Dede Pol’s intervention misread the situation entirely. For Pol, this was not a tragic loss at all, but a cunning strategy to imitate the aggressor, in the style of Slovenian rock group Laibach. This argument is based on the assumption that Bush had control over the use of his painting, which we know to be otherwise. But even if Bush had deliberately put his painting in the hands of One Nation, Pol’s strategy would not make sense in an Australian context. On European soil, with a relatively fresh memory of totalitarian rule, an exposé of subliminal fascism would be quite effective.
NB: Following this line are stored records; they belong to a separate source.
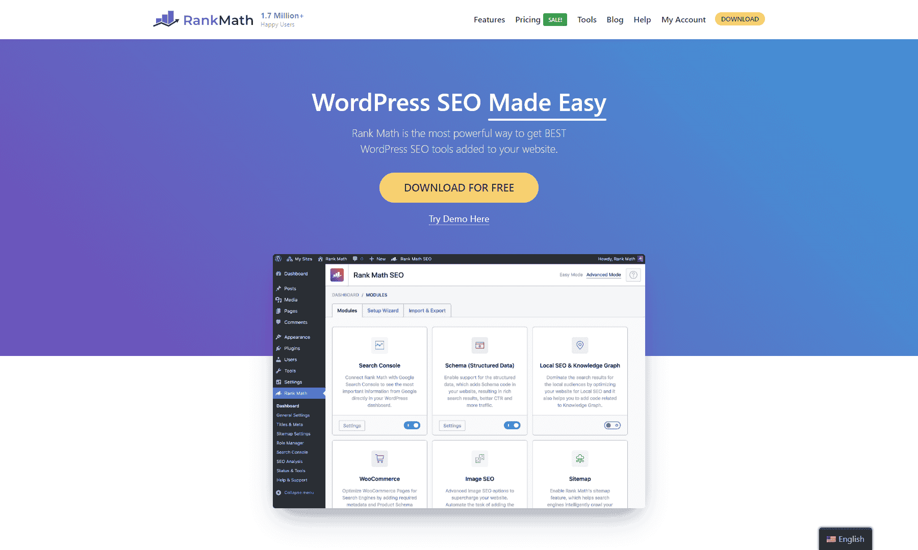 Rank Math earned its spot on our list for its exceptional balance of powerful features and user accessibility. This comprehensive SEO tool caters to both novices and SEO veterans. It’s one of the best tools for continuous updates and feature releases.
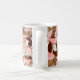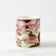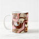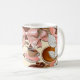 Cette tasse à café présente un design charmant et élégant centré autour d'un thème café. Les oeuvres d'art comprennent une tasse de café vapeur sur une soucoupe, entourée d'arcs roses moelleux, de haricots à café et de tons bruns riches qui évoquent la chaleur et le confort. L'arrière - plan a une base crème qui contraste avec les teintes plus foncées du café. Un monogramme personnalisable avec les initiales "MW" est affiché en évidence dans le centre, ajoutant une touche personnelle. L'esthétique générale est sophistiquée mais cosy, ce qui en fait un cadeau parfait pour les amateurs de café ou un cadeau réfléchi.
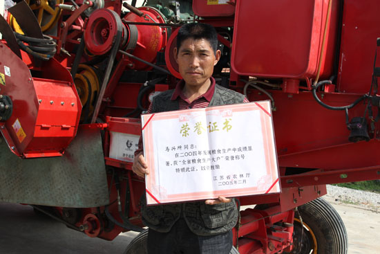 江蘇省連云港東海縣的馬興所在2013年種了200 hm2 (3000畝)的小麥,是當(dāng)?shù)赜忻姆N糧大戶。他從1979年就開始接觸農(nóng)業(yè)機(jī)械,30多年了用過多個(gè)品牌的機(jī)器,對(duì)農(nóng)業(yè)機(jī)械非常熟悉,稱得上是農(nóng)機(jī)老行家了。
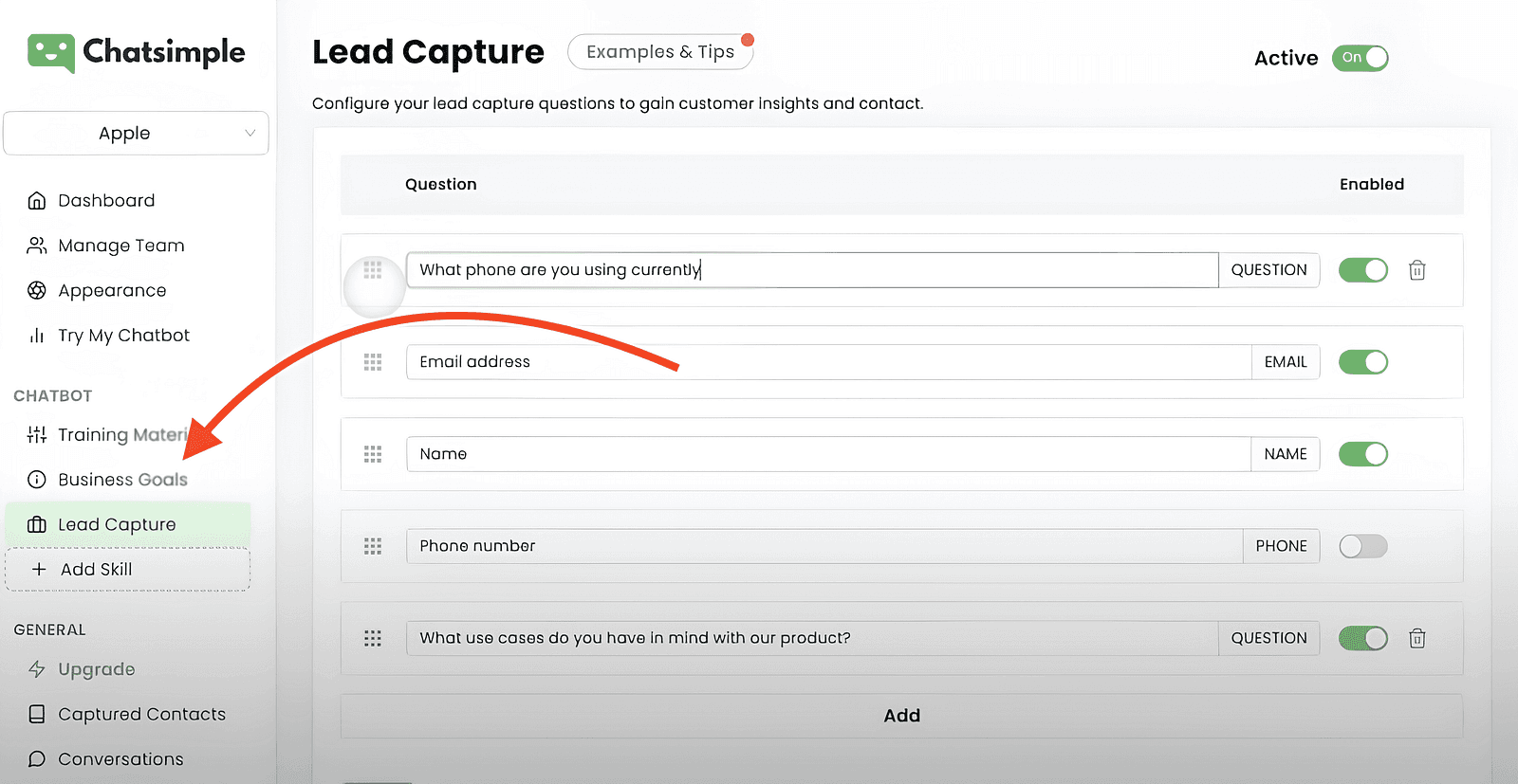 For that, simply visit the “Lead Capture” tab, add the questions you want to ask, and click on save.
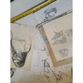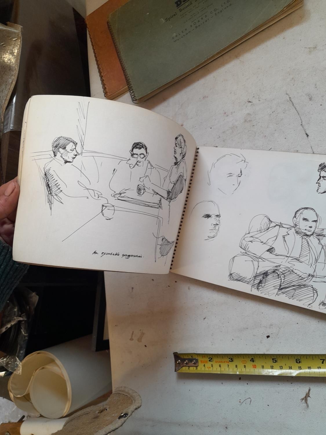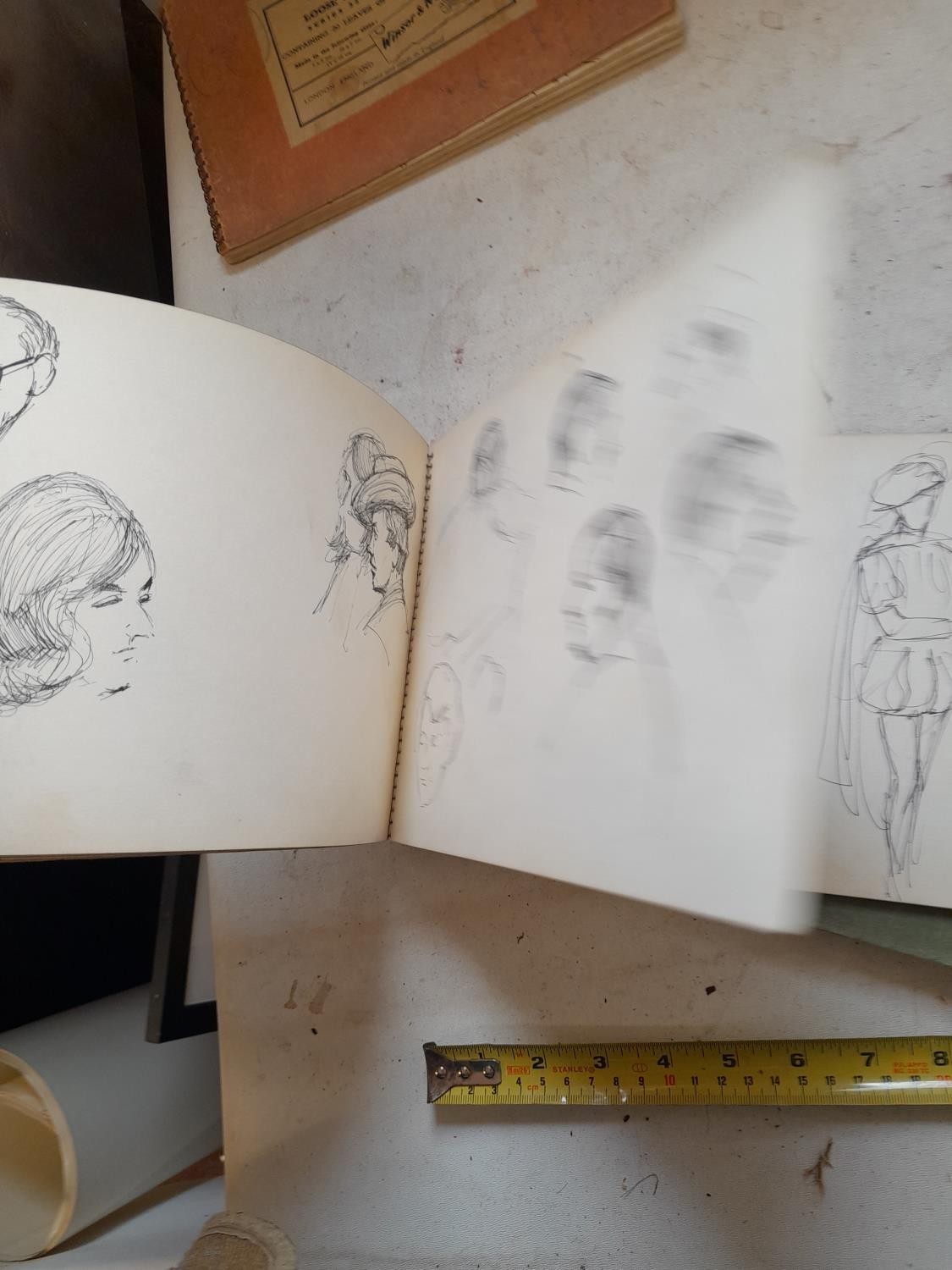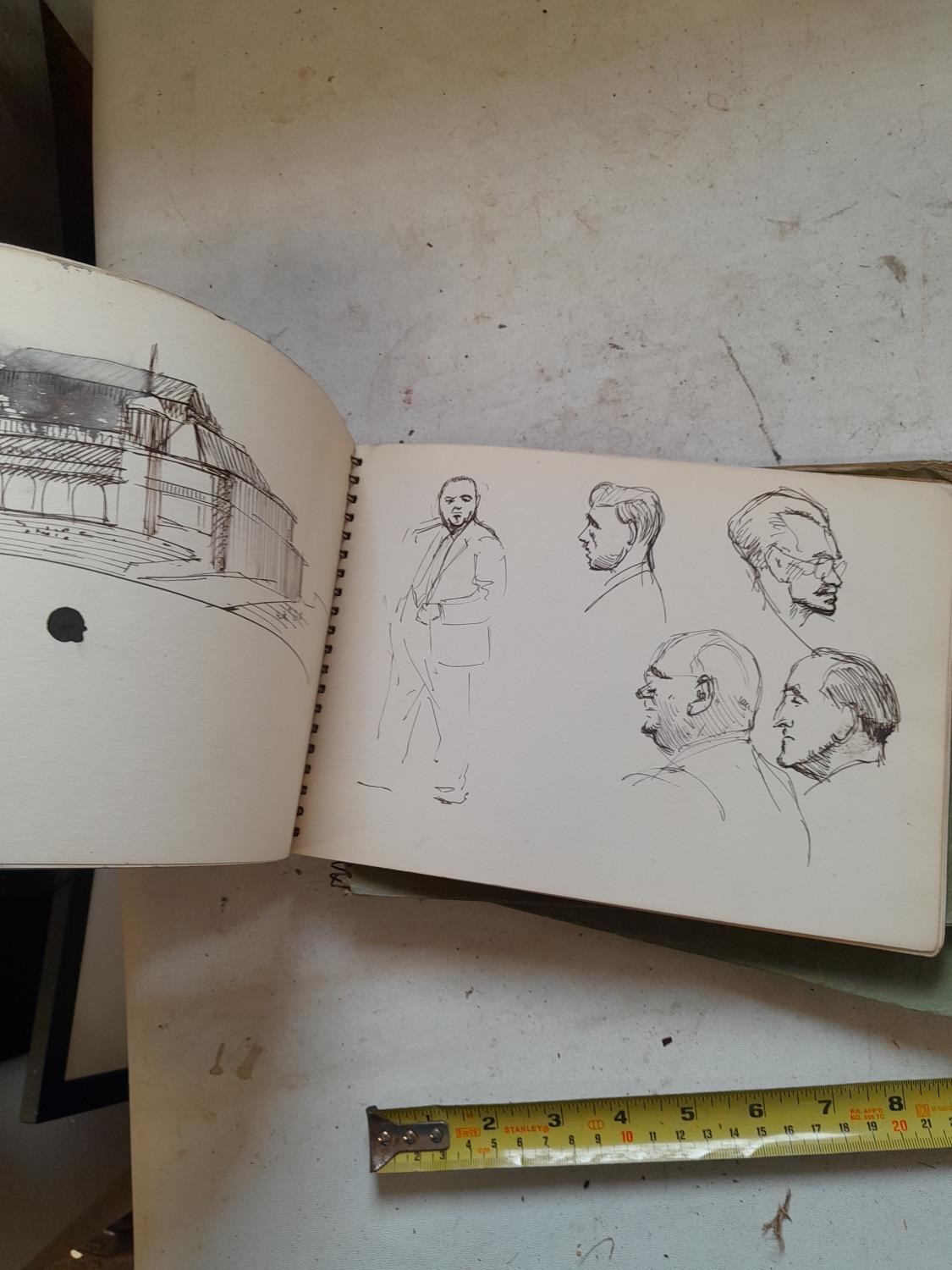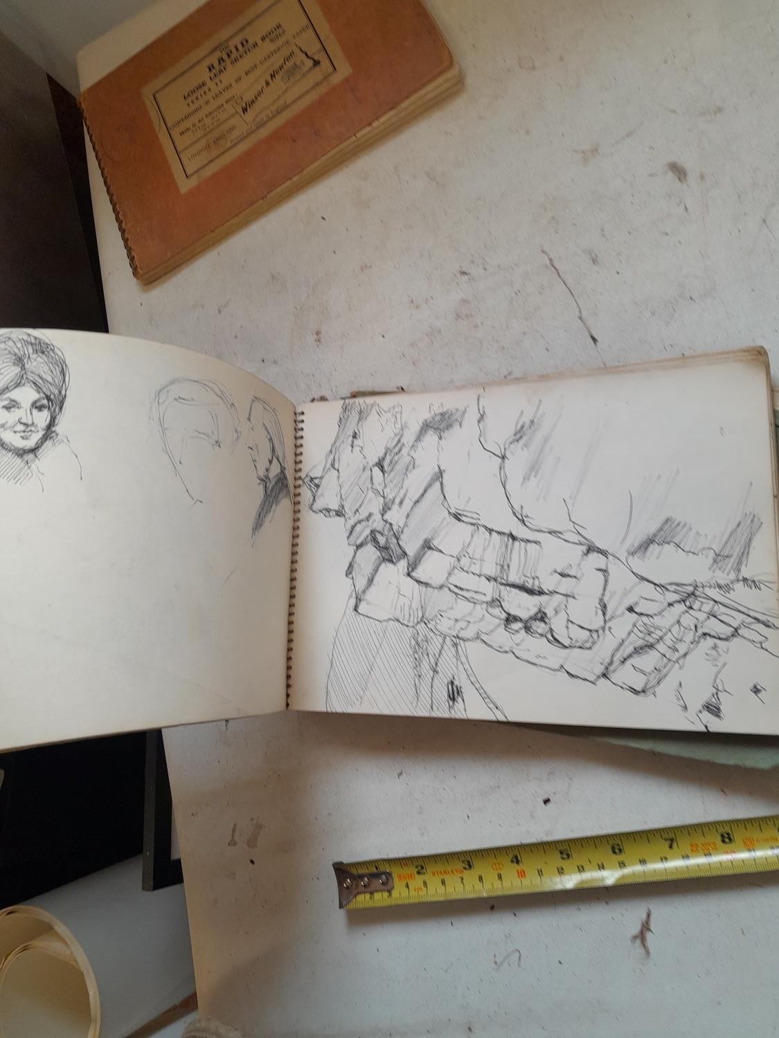 Sketchbooks and pads and loose pen and ink and pastels by Gerald Moneypenny dating from 1950s to early 1970s, assorted themes throughout some portraits etc.
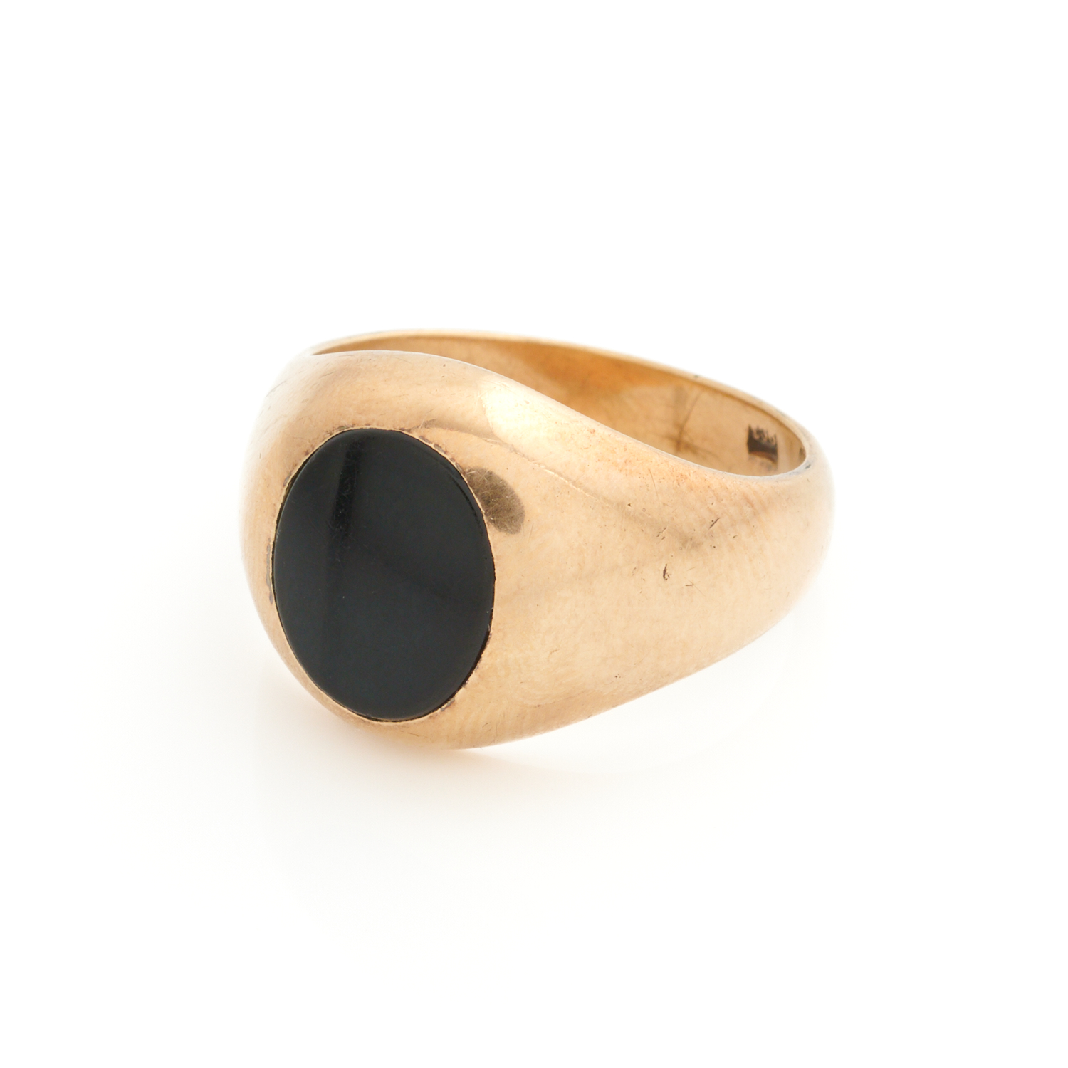 AN ONYX SIGNET RING IN 9CT GOLD, SIZE S, 7.1GMS
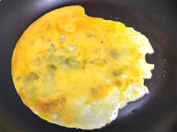 2. フライパンにサラダ油をひいて中火にかけ、温まったら1を加えます。かき混ぜながら卵を中央に集め、半熟状態になったら取り出しておきます。
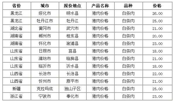 2022年6月28日全国各省市猪肉(白条肉)价格走势 单位:元/公斤 黑龙江安达市猪肉(白条肉)26.00 河北省尚义县猪肉(白条肉)26.00 广西横县猪肉(白条肉)23.00 甘肃省凉州区猪肉(白条肉)23.50 河北省桥东区猪肉(白条肉)25.00...
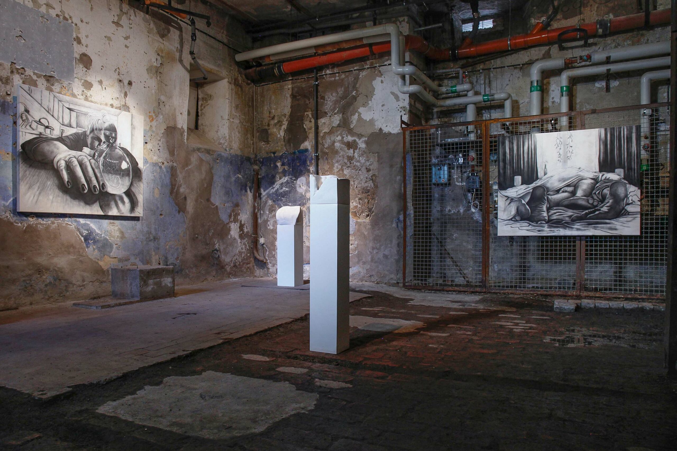 Efter hängivet umgänge med olika material hittar jag ett samspel med den tematik som länge varit central i mitt arbete. Innerliga begär, komplexa kroppsliga relationer, identitetssökande och längtan efter tillhörighet samlas under begreppet utanförskap. Hur det växer fram i konflikt med samhällets förväntningar.
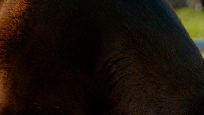 Whether lounging at the edge of a halfpipe or chasing away horse-mounted cops from their kingdom, Fútbol and Chola’s routine existence is captured with patience and attentiveness by cinematographer Pablo Valdéz. High altitude shots overlooking the domain situate the two pups in the context of Santiago’s valley-contained cityscape, two furry figures protruding from the park’s flat expanse like the button insects clinging to the tufts of Fútbol’s unwieldy mane. While the camera keeps a cool distance from the dogs as they space out and find ways to pass the time and cool off in the midst of the dry Chilean summer, Valdéz uses high definition macro to bring us at times uncomfortably close to the subjects. Muzzles and paws resemble Extra-Terrestrial textures, and frayed tennis balls coated in gunk and dirt look nearly existential in their weathered state. Yet when one ratty tennis ball disappears, a new one takes its place, and so on and so forth — mundane recurrences like this and Fútbol’s obsessive habit of picking up rocks and balls and cans and holding them in his mouth, underscore the movie’s interest in the seemingly insignificant, the lazy cycles that comprise a freed existence for animals that know nothing else but that.
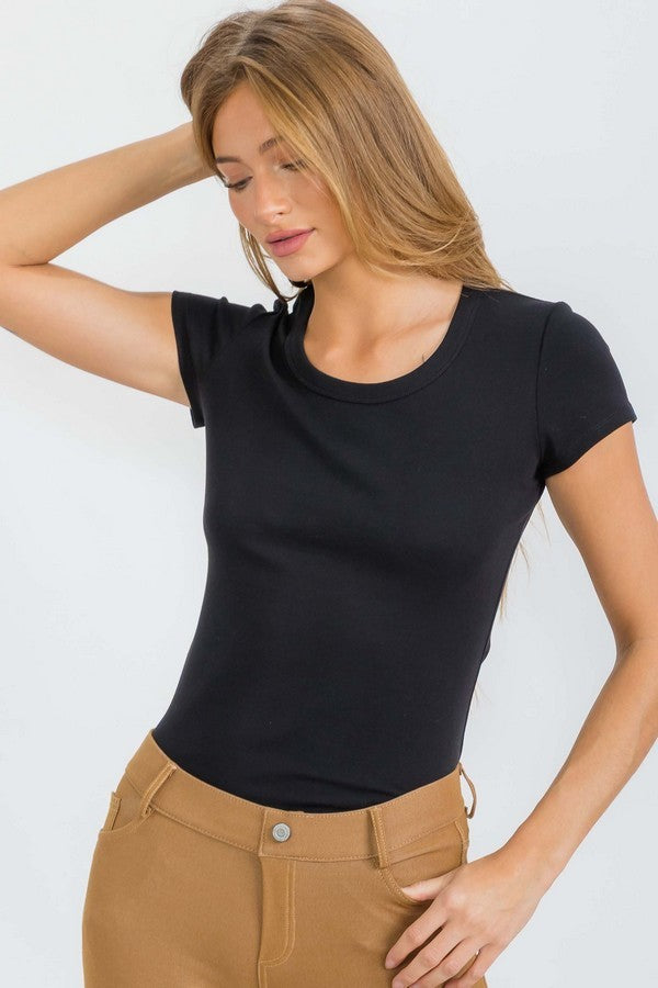 This Cotton Short Sleeve T-Shirt offers a sleek, body-hugging silhouette that flatters your shape while providing all-day comfort. Featuring a classic round neckline for comfort it ensures a clean, polished look.
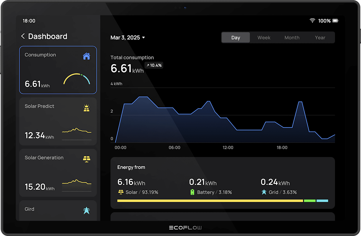 Der EcoFlow PowerInsight 2 ist das visuelle Steuerzentrum für Ihr intelligentes Energiesystem zu Hause. Über den 11-Zoll-Touchscreen mit 1920×1200 px Auflösung lassen sich alle Energieflüsse in Echtze
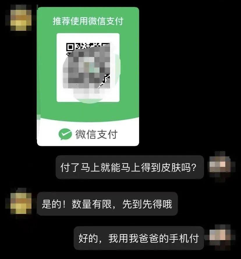 喜愛玩“蛋仔”的汐汐在“免費皮膚”的誘惑下,私信了發佈視頻的“博主”,隨後對方發來一個微信支付二維碼,要求支付1.88元即可領取“皮膚”。
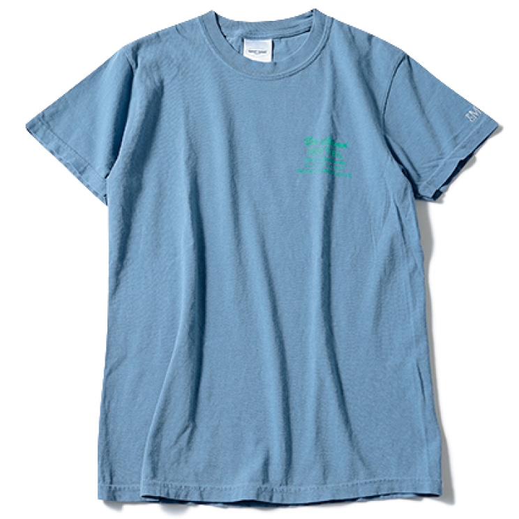 今季のテーマである〝Trip,Travel,Journey〞をイメージしたグラフィックを、左胸と背中にプリントした注目作。別注色のバターイエロー(Butter)とスモーキーなブルー(Blue Jean)は、製品染めならではの奥行きとニュアンスのある色合いです。ありそうでない配色も、コーデの鮮度アップに一役買って。左袖口にブランドロゴの刺繍入り。

Here, this kind of passive aggression would be too easily dismissed as adolescent paranoia.

The real tragedy of Pol’s intervention is a missed opportunity to herald the exhaustion of irony. Only this would provide a sufficient preface to the radically unambivalent gesture that followed the One Nation affair. Of course, Bush could have responded with a heroic portrait of Pauline Hansen, in the style of Komar & Melamid, but that risked the even greater danger of becoming a direct endorsement of the movement’s leader.

No. Now that images circulate so widely, artistic intentions can no longer keep up with their subjects. In this situation, the best response is to create a work for which intention is irrelevant. Rather than a plaything of political interests, Bush now prefers to place himself at the dead centre of power.

The quandary of success

The curious question we ask ourself now is: ‘What follows?’ If Bush has successfully punctuated the progress of art, then we may well expect nothing to ensue. On the other hand, a cynical person might expect that the deracinated galleries would eventually adorn their tunnels as temporary exhibition spaces. What is not so easily imagined is the consequence of success. Will the ultimate triumph over art be to see masterpieces hung in McDonalds Restaurants? Perhaps it is the questions we now ask ourselves in the wake of Bush’s quarry that is his real achievement.

Would you buy a painting from this man?


[1] Her story is accessible online at “http://home.mira.net/~dpol/sf/sfhome”

[2] In Hegelian terms, this call to action represents a move away from the flower religion (‘self-less idea of self’) to the animal religion (‘being for self’) with its ‘earnestness of warring life’. Such conflict is no doubt likely to proceed with inevitable attempts to fill in the tunnels.